По беготне ребят и азартным их лицам Антонина поняла, что настроение на студенческом стане не хуже вчерашнего, ночные события студентам неизвестны, деревенская тревога сюда еще не дошла. Возле полевой кухни – самодельного стола, сбитого из неструганых досок, с горкой мытых, перевернутых кверху дном мисок – бричку окружили девушки, дежурные по стряпне, стали вытаскивать мешок с картошкой. Мешок оказался им не по силам; подскочили ребята – помогать; девичьи, ребячьи лица замелькали в глазах Антонины.
В лица Антонина знала уже всех, и ребят, и девушек, а вот имена слабо держались в ее памяти, путались, вероятно, потому что были они самые простые, обычные: Коля, Саша, Валя, Нина, Лена, Наташа, опять Валя, опять Нина, Наташа, Лена, Валя… Одну лишь повариху, потому что она была поварихой с самого начала и часто разговаривала с Антониной о продуктах, она знала твердо: Тамара. Маленькая, пухловатенькая, этакий почти шарик в зеленом ворсистом лыжном костюме…
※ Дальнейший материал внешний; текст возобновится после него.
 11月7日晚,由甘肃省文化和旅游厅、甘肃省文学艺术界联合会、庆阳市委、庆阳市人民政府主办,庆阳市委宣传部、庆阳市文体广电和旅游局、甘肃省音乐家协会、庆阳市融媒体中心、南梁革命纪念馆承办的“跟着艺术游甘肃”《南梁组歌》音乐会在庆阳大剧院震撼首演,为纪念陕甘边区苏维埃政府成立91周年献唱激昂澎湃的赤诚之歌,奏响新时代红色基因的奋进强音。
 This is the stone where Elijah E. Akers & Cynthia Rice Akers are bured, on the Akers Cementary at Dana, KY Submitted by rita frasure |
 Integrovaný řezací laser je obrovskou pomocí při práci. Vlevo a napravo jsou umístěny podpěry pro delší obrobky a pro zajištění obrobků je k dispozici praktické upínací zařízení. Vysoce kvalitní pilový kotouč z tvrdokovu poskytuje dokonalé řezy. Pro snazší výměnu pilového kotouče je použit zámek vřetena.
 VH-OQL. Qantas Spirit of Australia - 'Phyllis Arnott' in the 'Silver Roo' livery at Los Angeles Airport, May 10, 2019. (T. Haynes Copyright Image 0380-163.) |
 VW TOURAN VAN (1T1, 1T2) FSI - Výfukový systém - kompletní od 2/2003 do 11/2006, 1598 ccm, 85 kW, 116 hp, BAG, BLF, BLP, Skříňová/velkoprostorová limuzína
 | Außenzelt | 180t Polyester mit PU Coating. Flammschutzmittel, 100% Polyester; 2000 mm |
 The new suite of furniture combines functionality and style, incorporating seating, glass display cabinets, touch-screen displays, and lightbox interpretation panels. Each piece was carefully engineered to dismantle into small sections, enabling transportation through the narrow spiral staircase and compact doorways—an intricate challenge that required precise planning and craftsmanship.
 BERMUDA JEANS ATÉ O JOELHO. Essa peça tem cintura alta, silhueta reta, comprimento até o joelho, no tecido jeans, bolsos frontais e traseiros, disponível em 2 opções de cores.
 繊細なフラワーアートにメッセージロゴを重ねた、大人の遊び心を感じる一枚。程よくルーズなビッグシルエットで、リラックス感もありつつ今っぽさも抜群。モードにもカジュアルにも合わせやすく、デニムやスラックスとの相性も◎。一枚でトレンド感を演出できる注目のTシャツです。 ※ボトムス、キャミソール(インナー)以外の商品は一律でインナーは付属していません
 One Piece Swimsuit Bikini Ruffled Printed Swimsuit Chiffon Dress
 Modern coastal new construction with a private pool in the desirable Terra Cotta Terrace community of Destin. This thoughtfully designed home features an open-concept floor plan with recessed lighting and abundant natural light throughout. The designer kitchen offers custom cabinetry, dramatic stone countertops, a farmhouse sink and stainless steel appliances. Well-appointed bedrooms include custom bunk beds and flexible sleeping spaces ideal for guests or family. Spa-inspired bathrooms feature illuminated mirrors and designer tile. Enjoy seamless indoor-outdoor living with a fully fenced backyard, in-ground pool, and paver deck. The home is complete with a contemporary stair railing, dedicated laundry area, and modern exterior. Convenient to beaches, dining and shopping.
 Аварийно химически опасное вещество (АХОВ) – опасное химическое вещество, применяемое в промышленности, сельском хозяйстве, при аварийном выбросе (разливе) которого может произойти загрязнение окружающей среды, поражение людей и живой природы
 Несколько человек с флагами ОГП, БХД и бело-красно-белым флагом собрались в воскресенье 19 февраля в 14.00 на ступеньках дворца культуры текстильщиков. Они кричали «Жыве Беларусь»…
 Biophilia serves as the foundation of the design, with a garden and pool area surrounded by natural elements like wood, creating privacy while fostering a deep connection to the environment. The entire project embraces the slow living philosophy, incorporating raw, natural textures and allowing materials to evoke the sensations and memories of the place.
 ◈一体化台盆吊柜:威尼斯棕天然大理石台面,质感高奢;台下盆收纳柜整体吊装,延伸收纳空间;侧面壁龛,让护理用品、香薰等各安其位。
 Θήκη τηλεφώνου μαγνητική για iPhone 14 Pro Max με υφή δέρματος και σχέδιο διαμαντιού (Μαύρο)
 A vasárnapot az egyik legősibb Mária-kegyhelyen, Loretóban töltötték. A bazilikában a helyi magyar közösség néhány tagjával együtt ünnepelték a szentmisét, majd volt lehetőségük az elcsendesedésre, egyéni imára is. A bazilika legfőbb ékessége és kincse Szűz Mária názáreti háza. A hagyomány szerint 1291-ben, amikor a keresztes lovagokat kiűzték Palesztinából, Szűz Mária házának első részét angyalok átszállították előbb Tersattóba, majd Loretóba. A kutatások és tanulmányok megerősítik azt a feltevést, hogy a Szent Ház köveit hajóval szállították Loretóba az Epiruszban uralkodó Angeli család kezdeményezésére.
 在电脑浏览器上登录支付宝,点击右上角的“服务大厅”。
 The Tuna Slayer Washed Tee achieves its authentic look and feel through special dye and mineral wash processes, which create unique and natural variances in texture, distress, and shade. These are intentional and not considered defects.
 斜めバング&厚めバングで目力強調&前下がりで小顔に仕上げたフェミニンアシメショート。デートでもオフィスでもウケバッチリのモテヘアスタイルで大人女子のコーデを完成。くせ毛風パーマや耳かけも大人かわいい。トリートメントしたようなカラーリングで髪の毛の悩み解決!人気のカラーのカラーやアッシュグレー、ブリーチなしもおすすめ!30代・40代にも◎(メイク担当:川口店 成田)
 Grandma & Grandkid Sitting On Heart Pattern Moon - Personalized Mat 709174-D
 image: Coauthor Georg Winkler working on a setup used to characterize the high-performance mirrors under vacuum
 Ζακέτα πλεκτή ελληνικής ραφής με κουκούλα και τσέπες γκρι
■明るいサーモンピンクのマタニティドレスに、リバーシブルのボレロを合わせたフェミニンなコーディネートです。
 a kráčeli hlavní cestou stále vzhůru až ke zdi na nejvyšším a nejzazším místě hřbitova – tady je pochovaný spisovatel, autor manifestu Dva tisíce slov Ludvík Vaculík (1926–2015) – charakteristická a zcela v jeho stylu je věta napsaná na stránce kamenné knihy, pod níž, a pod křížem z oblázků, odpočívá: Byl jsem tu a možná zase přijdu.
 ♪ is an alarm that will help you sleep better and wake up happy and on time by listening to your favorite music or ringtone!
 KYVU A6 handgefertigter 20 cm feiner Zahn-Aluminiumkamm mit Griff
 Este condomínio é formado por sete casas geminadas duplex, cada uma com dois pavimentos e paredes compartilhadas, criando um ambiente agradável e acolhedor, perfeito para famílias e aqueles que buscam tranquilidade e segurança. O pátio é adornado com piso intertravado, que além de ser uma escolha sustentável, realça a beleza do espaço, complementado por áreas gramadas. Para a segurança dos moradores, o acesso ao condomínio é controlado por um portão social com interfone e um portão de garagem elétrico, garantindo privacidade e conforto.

Ребят Антонина различала лучше, их было меньше девушек, и каждый чем-то выделялся – или наружностью, или поведением, особливостью своего характера. Вот тот, что первым выхватил из брички кочан капусты и подкинул его, как мяч, длиннорукий, худой, с длинной шеей, в пиджачишке с драными локтями, – Федя Лободин. Чернявый, как грач, в широких клешах и белых спортсменках, из которых уже торчат пальцы ног, – Игорь. Рыженький, белоглазый, с хохолком на макушке, смешно похожий на петушка, – Леша. Товарищи называют его еще Архимед – за постоянное стремление все подряд чинить и получше прилаживать. На будке фанерная дверь не держалась на месте, хлопала от ветра – он к ней тут же приспособил пружину; топор с топорища срывался – он железку подходящую отыскал, забил в топорище клином. Умываться не из чего было, кружками в бочку лазили и друг другу на ладони поливали; Леша и тут сообразил: подвесил на веревках старую лейку с длинным носиком; чуть коснулся, наклонил ее – и уже течет струйка в подставленную горсть, не надо никого звать для услуги.
Голоса, голоса, как щебет, сорочий грай, вперебой звучали на стане вокруг Антонины.
– Воду, воду поберегите, другим не останется!
– Кто мои тапки стырил, признавайтесь? Вот здесь, у костра сушились… Архимед, это ты их отшвырнул?
– Лена! Ленка! Да Ленка же! Потом кудри накрутишь, иди картошку чисть!
– Здравствуй, милая картошка, пионеров идеал…
– Этих дров не хватит. Мальчики, ну-ка, топорик в руки, расколите-ка эту чурочку…
– Ой, девочки, я думала – умру! Нинка вернулась и впотьмах с размаху – бряк! Думала, это ее место. Да прям на Симочку. А та как взвизгнет, со сна не поймет ничего…
– Лопать как хочется! Девочки, вы поскорей там кухарьте, терпеть уж нет сил!
Подошел начальник студентов Илья Семенович. Антонина помнила, каким он приехал чистеньким: белая сорочка с галстуком, запонками, брюки глаженые, со складочкой. За три с лишним недели весь городской лоск с него слинял, рубашка с галстуком лежала грязной в чемодане, складки бесследно исчезли с брюк. Как большинство, Илья Семенович с головы до ног был в мелкой соломенной трухе. Он заметно осунулся, на небритом лице его с длинным носом прибавилось морщин… Все его внутреннее состояние отчетливо выступало наружу: в сутулости плеч, в небритом исхудалом лице так и виделось, как он устал от работы и ночевок в поле, как ему это совсем непривычно, не по годам, не по здоровью, какая это для него изнурительная тягота – начальствование над шумными, егозливыми, то и дело впадающими совсем в детскую дурашливость студентами, как беспокоит, грызет его изнутри тревога, что он не сумел всех удержать, обеспечить порядок и больше половины его подопечных самовольно, до срока, оставили работу и подались в город.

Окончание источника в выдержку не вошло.